What I am trying to do: I have a string and a char. I am trying to implement the binary search to look for a char, but it doesn't return the value that I want. Well it is correct, but I want this code to return 5 instead of 4.

This is my code, can You help me to solve it? There is no sort method, because I didn't want the code in here to be super long, but please assume that sorting method sorts correctly. If you'd like to see the sorting method then I am able to upload it for you.

I would appreciate any kind of help, because I've spent way to much time for it.. :/.

     public static void main(String[] args) {
         String s = "abcdefg";
         char c = 'e';
      System.out.println(findRecursiveD(s, c));

     }

     public static int binarySearch(char[] a, char c, int start, int end) {

      int mid = (start + end) / 2;
      if(a[mid] == c) 
          return mid;
      else if (a[mid] < c)
          return binarySearch(a, c, mid+1, end);

      else
       return binarySearch(a, c, start, mid);
     }

     public static int findRecursiveD(String s, char c) {
      int start = 0;
      String S = s + c;
      char[] b = S.toCharArray();
      int end = b.length;
      sort(b, 0, end);
      String A = new String(b);
      System.out.println(A);
      return binarySearch(b, c, start, end);
     }
    }

Your code is actually correct, but your concept of what the correct index is may be off. Arrays in Java are zero-indexed, which means the first element of the array actually is 0, not 1. So in the character array you provided, e is the fifth element, but that means that to access it, you would do s[4] to reference it.

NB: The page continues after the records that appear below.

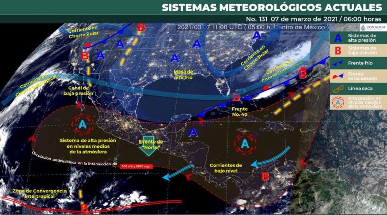 La masa de aire asociada al frente empezará a modificar sus características térmicas, sin embargo, interaccionará con un canal de baja presión sobre el suroeste del Golfo de México, manteniendo nublados y condiciones para lluvias en el noreste, oriente y sureste del territorio nacional, así como evento de «norte» en la Península de Yucatán e Istmo y Golfo de Tehuantepec.
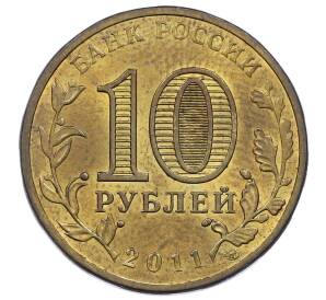 Каждого экземпляра традиционно чеканят по 10 млн. шт. Монеты можно встретить в свободном обиходе, поэтому они пользуются высоким спросом у новичков-нумизматов. Цена обычных 10 рублей 2011г. «Города Воинской Славы» начинается с 50-80 руб, но это актуально только для монет мешковой сохранности, не бывших в обращении. Все экземпляры этого года отчеканены на Санкт-Петербургском монетном дворе. Металл изготовления – сталь с латунным покрытием. В список отчеканенных ГВС в 2011 году попали:
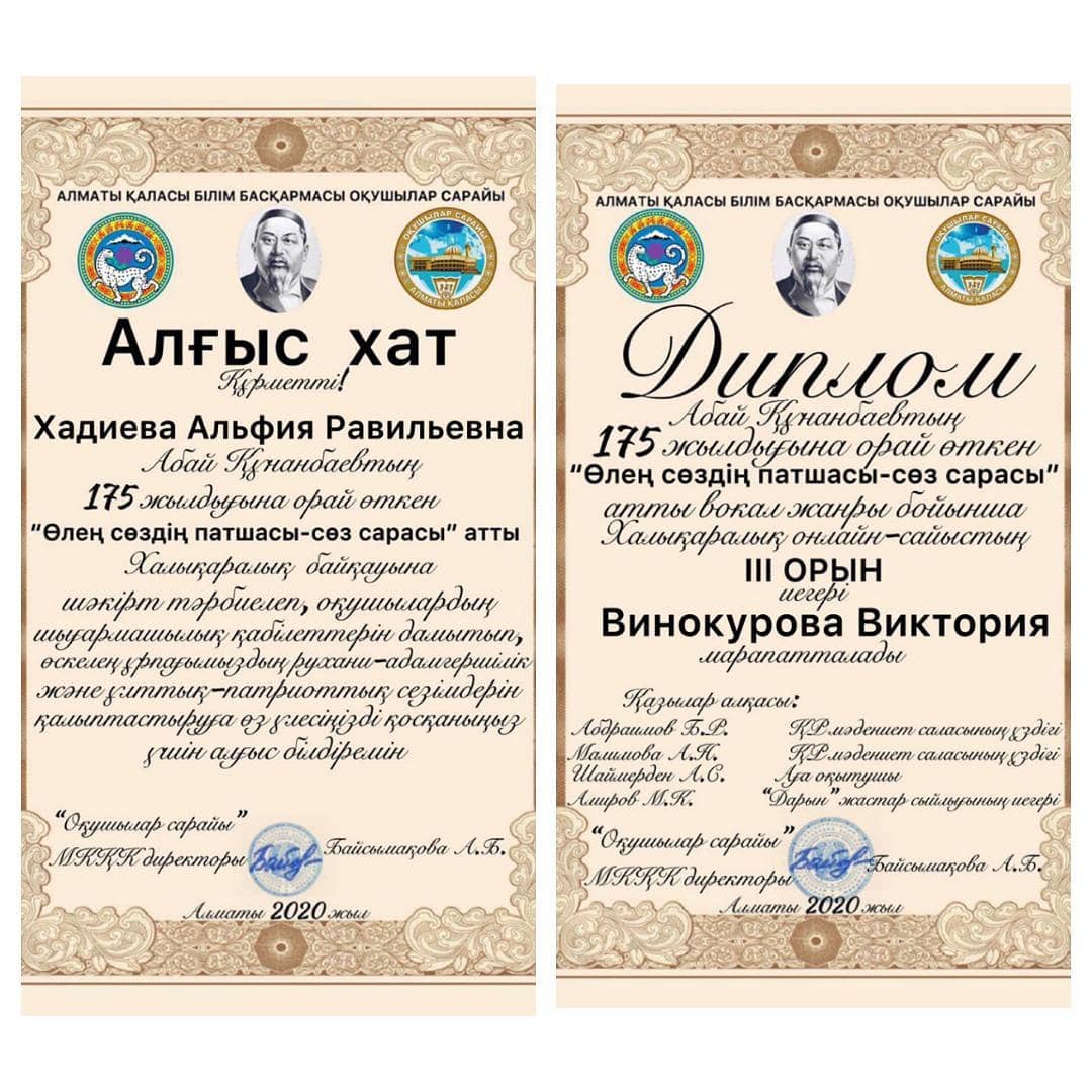 Винокурова Виктория, ученица 4 класса приняла участие в Международном-онлайн конкурсе "Өлең сөздің патшасы- сөз сарасы", посвященном 175-летию со дня рождения Абая Кунанбаева и заняла III место. Конкурс организован Дворцом школьников УО г.Алматы. Руководитель Альфия Хадиева, учитель музыки награждена Благодарственным письмом за развитие творческих способностей и вклад в формирование духовно-нравственного и патриотических чувств подрастающего поколения. ПОЗДРАВЛЯЕМ ПОБЕДИТЕЛЕЙ!!!
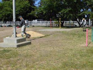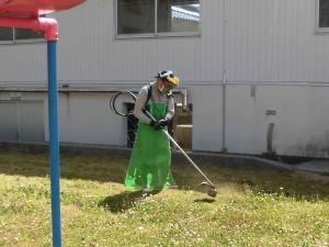 28日土曜日に、中島小学校の草刈りボランティアの、山先さん、吉野さん、森元さん、多賀さんが、運動場の草刈りをしてくださいました。
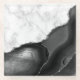 This elegant glass coaster features a digital image of white marble and black agate trimmed with faux silver glitter.
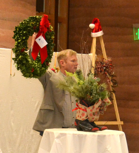 Travis Bing holds up a wreath. Travis is a board member of the Sublette County Historical Society. Photo by Joy Ufford, Sublette Examiner. |
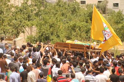 About a dozen Palestinians chanting “greeting to the martyr” gathered around the body after it was handed over to the Palestinian side at an Israeli military checkpoint near the West Bank city of Bethlehem.
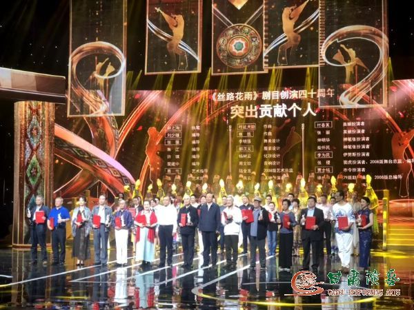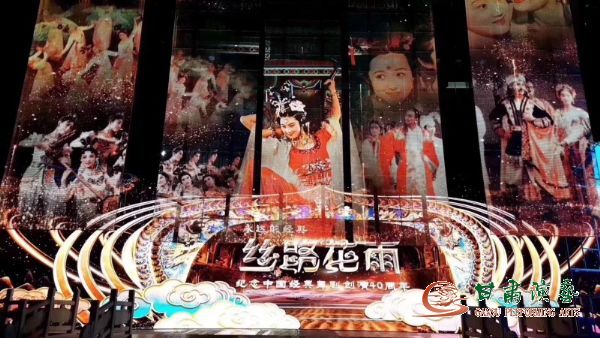 當(dāng)晚,由中共甘肅省委宣傳部主辦,甘肅省文化和旅游廳、甘肅省文聯(lián)、甘肅日?qǐng)?bào)社、甘肅新媒體集團(tuán)協(xié)辦,甘肅演藝集團(tuán)、甘肅廣播電視總臺(tái)承辦的紀(jì)念《絲路花雨》創(chuàng)演40周年文藝晚會(huì)在甘肅大劇院舉行,晚會(huì)上,省委宣傳部對(duì)《絲路花雨》劇目突出貢獻(xiàn)集體,朱江、許琪、晏建中、陸金龍、張稷等28人《絲路花雨》劇目創(chuàng)演40周年突出貢獻(xiàn)個(gè)人,向牟瑜、樊玲、楊亦兵、楊傳弘、王瓊、韓晶、韓煦、安寧、康琦、曹飛、趙敏、周虹、張博、席佳麗、趙莉等15人《絲路花雨》劇目創(chuàng)演40周年優(yōu)秀傳承人進(jìn)行了表?yè)P(yáng)。晚會(huì)分為誕生、守望、綻放、絲路繽紛四個(gè)篇章,演出中眾多主創(chuàng)人員與傳承者還通過(guò)情景再現(xiàn)的方式再登舞臺(tái),共同訴說(shuō)40年《絲路花雨》的經(jīng)典傳奇。紀(jì)念晚會(huì)在觀眾的掌聲、喝彩聲和繽紛的吉祥花雨中圓滿(mǎn)落下帷幕。
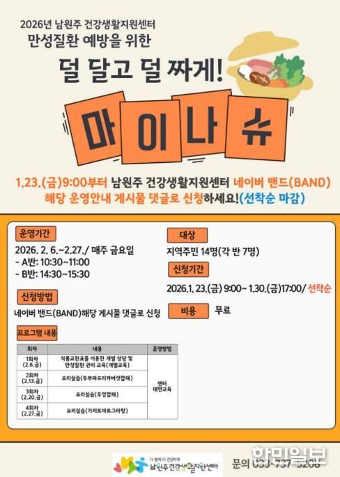 한민일보 서울포커스 임경복 기자 | 남원주건강생활지원센터는 지역 주민의 만성질환 예방과 관리를 위해 ‘덜 달고 덜짜게! 마이나슈 요리교실’ 프로그램 참여자를 모집한다.
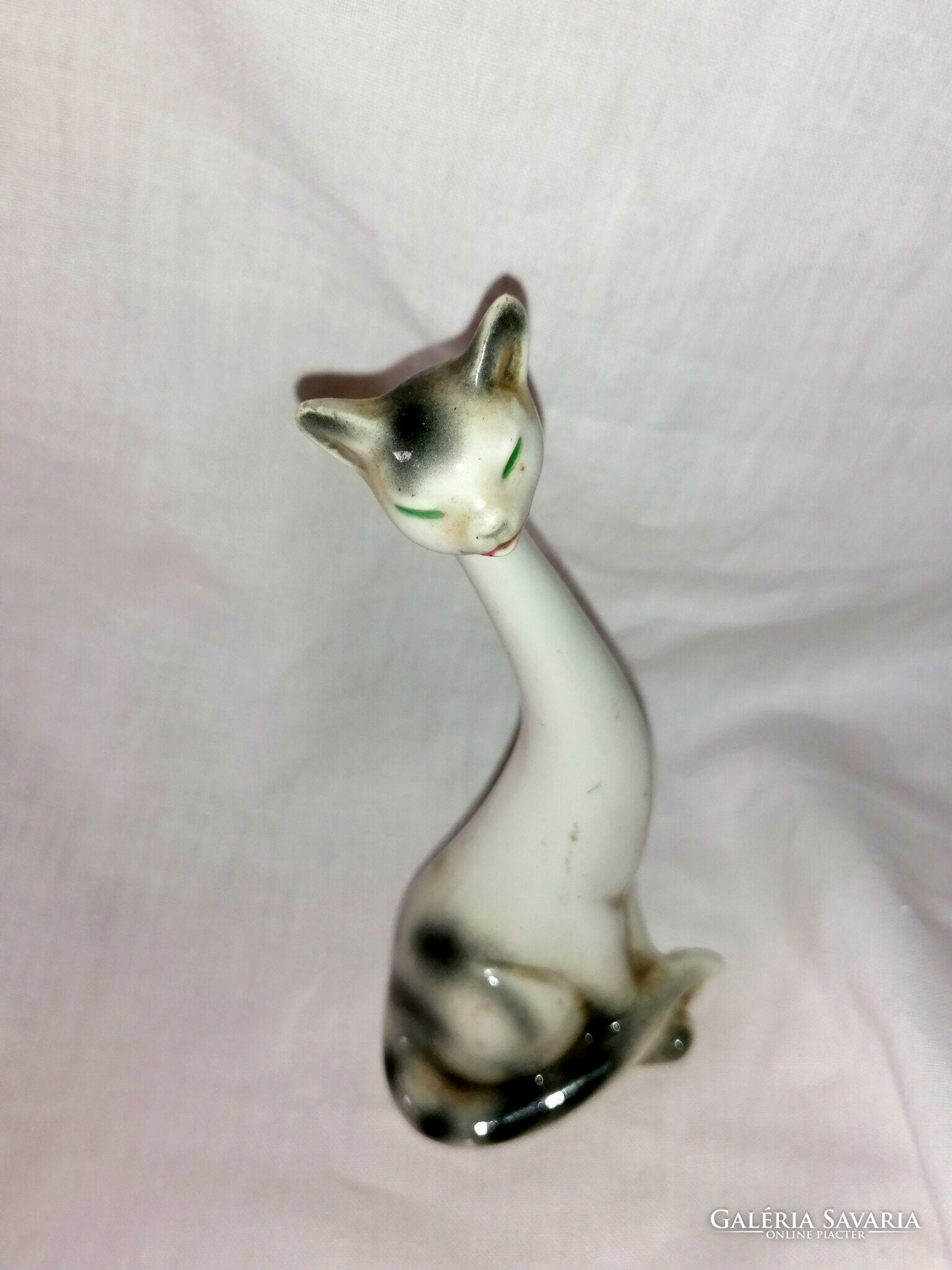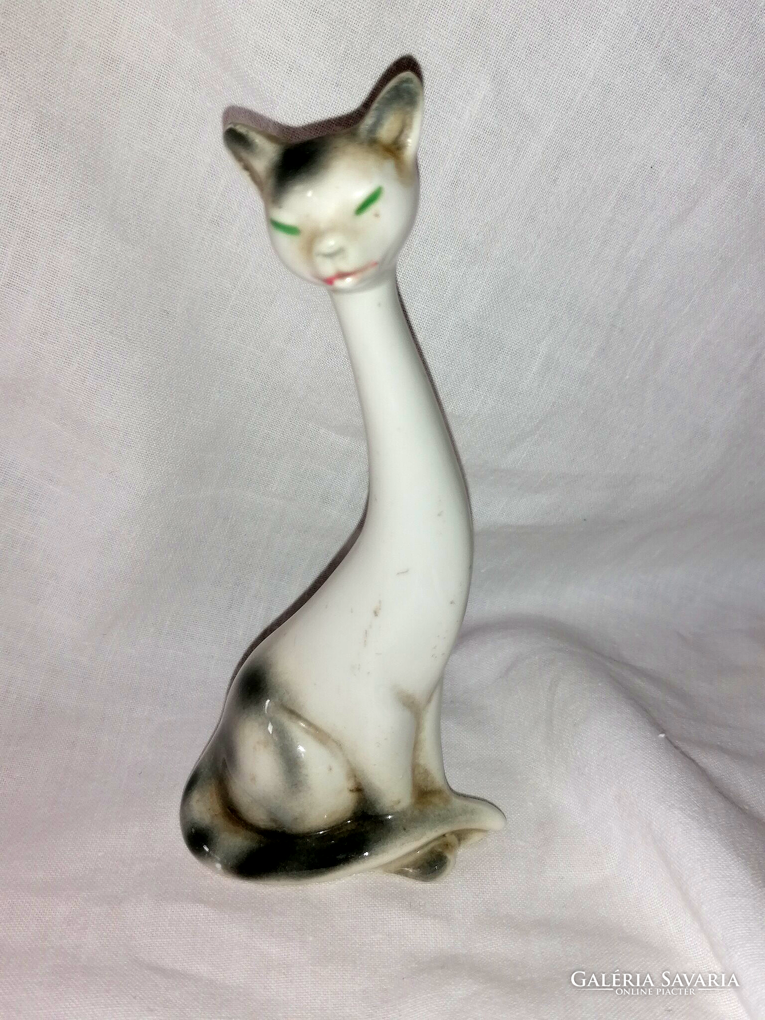 - Porcelán büszke cica, kecses cica figura, dísztárgy. 12 cm.

If you really want to return 5 instead of 4, you should just add one to your answer.

USe this:

System.out.println(findRecursiveD(s, c) + 1);

You need to add one, because the 5th position in the string is position 4. The first position int eh string is numbered 0. 4 is the correct answer if you want the number of the position. But if you want to count starting with 1, then you need to add one.

Also, you need to terminate searching when start == end. You will run into bad problems is start+1 is greater than end, so you should test for, and avoid this situation. When start == end, then after to verify that the character at position mid (== start == end) is not c, then check for this condition and return something special, like -1, or throw an exception.

public static int binarySearch(char[] a, char c, int start, int end) {

  int mid = (start + end) / 2;
  if(a[mid] == c) {
      //now search for the 'last' character of that value
      while (mid+1<a.length && a[mid+1]==c) {
          mid++;
      }
      return mid;
  }
  else if (start==end) {
      //if no character of that value found
      return -1;
  }
  else if (a[mid] < c) {
      return binarySearch(a, c, mid+1, end);
  }
  else {
      return binarySearch(a, c, start, mid);
  }
}

And remove the statement that adds a character into the string being searched. I don't see why that overhead of adding in a value helps, and it seems like a bad coding practice to learn anyway to modify the search data before you search it.